Sore di Saung: Belajar, Buku, dan Liwet Bu Ine

Sore di Saung: Belajar, Buku, dan Liwet Bu Ine
Sore di Saung: Belajar, Buku, dan Liwet Bu Ine

Minggu itu bergerak pelan menuju sore. Angin berhembus ringan, membawa aroma dedaunan yang basah dan suara-suara kampung yang menjauh ke belakang. Di Saung Komunitas Ngejah, suasana masih hidup. Komputer tua di pojok ruangan menyala dengan tenang, dan di depannya duduk tiga orang: Kang Ruli, Rivan, dan Nanda.

Sejak pagi mereka belajar dasar-dasar komputer. Tentang mengetik yang benar, menyusun dokumen dengan pengolah kata, menyimpan file, dan memahami mengapa teknologi tidak sekadar alat, tapi jembatan menuju dunia yang lebih adil bila digunakan dengan benar.

“Jangan buru-buru paham,” kata Kang Ruli. “Yang penting terus coba. Ilmu itu seperti air: tak bisa ditelan sekaligus, harus dihirup perlahan-lahan.”

Rivan dan Nanda mengangguk. Tangan mereka masih kaku di papan ketik, tapi semangat mereka sudah tumbuh. Ada rasa bangga dalam diri mereka—bukan karena hebat, tapi karena hari ini mereka tidak diam.

Selesai belajar, Kang Ruli berdiri dan menyeka keringat dari pelipisnya. “Sekarang kita bereskan buku-buku taman baca Aiueo,” katanya. “Kalau kata tidak dirawat, ia bisa hilang.”

Rak-rak di sudut saung penuh buku-buku lama. Beberapa masih utuh, lainnya sudah menguning di tepi-tepinya. Mereka menyortir, mengelap sampul, menyusun ulang berdasarkan jenis dan usia pembaca. Tangan-tangan muda itu bekerja dengan hati, karena mereka tahu: buku adalah jendela, dan tugas mereka adalah menjaganya tetap terbuka.

Hari makin sore. Cahaya matahari condong dan mulai menipis di sela dinding bambu. Dari arah dapur, aroma harum mulai tercium. Bu Ine—istri Kang Ruli—sudah sejak siang menanak liwet di pawon kecil belakang saung. Bukan karena diminta, tapi karena ia tahu: kerja dan ilmu, mesti ditutup dengan makanan yang menghangatkan tubuh dan hati.
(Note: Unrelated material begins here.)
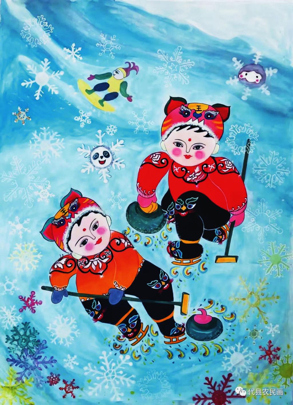 千淘萬漉雖辛苦,吹盡狂沙始到金。這些農(nóng)民畫促進會的女畫家為了創(chuàng)作吃盡了苦,費盡了心,但也在追求藝術的路上收獲了許多。丁全愛創(chuàng)作的《寒燕兒》《甜》入展山西省群眾文化惠民工程“美麗鄉(xiāng)村”現(xiàn)代農(nóng)民畫優(yōu)秀作品展,《吉祥五寶》《跤娃》《春拂滹沱》入選山西省脫貧攻堅農(nóng)民畫展;戴翠平的《撓閣上來了》被山西省農(nóng)民畫研究會收藏,2020年疫情期間創(chuàng)作的《逆行者》《眾志成城抗疫情》《全球同心抗疫情》均被代縣檔案館收藏;賈永花的《春意盎然》入展山西省群眾文化惠民工程“新農(nóng)村、新氣象”省農(nóng)民畫優(yōu)秀作品展,《農(nóng)家樂》被山西省文化館收藏;祁磊創(chuàng)作的《盛世鼓舞》被評為山西省群眾文化惠民工程“新農(nóng)村、新氣象”省農(nóng)民畫最佳作品;在中國農(nóng)民畫研究會2022年“虎虎生威慶冬奧”專題云展活動中,丁全愛、王粉玲、戴翠平、孫瑰峰、戴永蓮、柳尚艷六位畫家的作品被選中入展……她們的作品先后在《山西日報》《忻州日報》專欄刊登,逐漸被省內(nèi)外的行家和廣大農(nóng)民畫愛好者所認可,釋放出濃烈的彩墨馨香。(劉 睿)

Mereka duduk di tikar hijau, menghadap piring sederhana berisi nasi liwet, sambal terasi, tempe goreng, dan daun kemangi segar. Tak ada upacara. Tak ada seremonial. Hanya terima kasih dalam diam, dan rasa cukup yang tak perlu dijelaskan.

“Terima kasih, Bu Ine,” kata Nanda pelan.

Bu Ine hanya tersenyum, tangannya sibuk menuangkan air hangat ke gelas-gelas plastik.

Hujan belum turun. Tapi langit sudah memberi tanda. Dan sebelum malam datang, tiga orang itu—dengan pikiran yang lebih terang dan perut yang lebih kenyang—telah menyelesaikan satu hari kecil yang sederhana, tapi bermakna.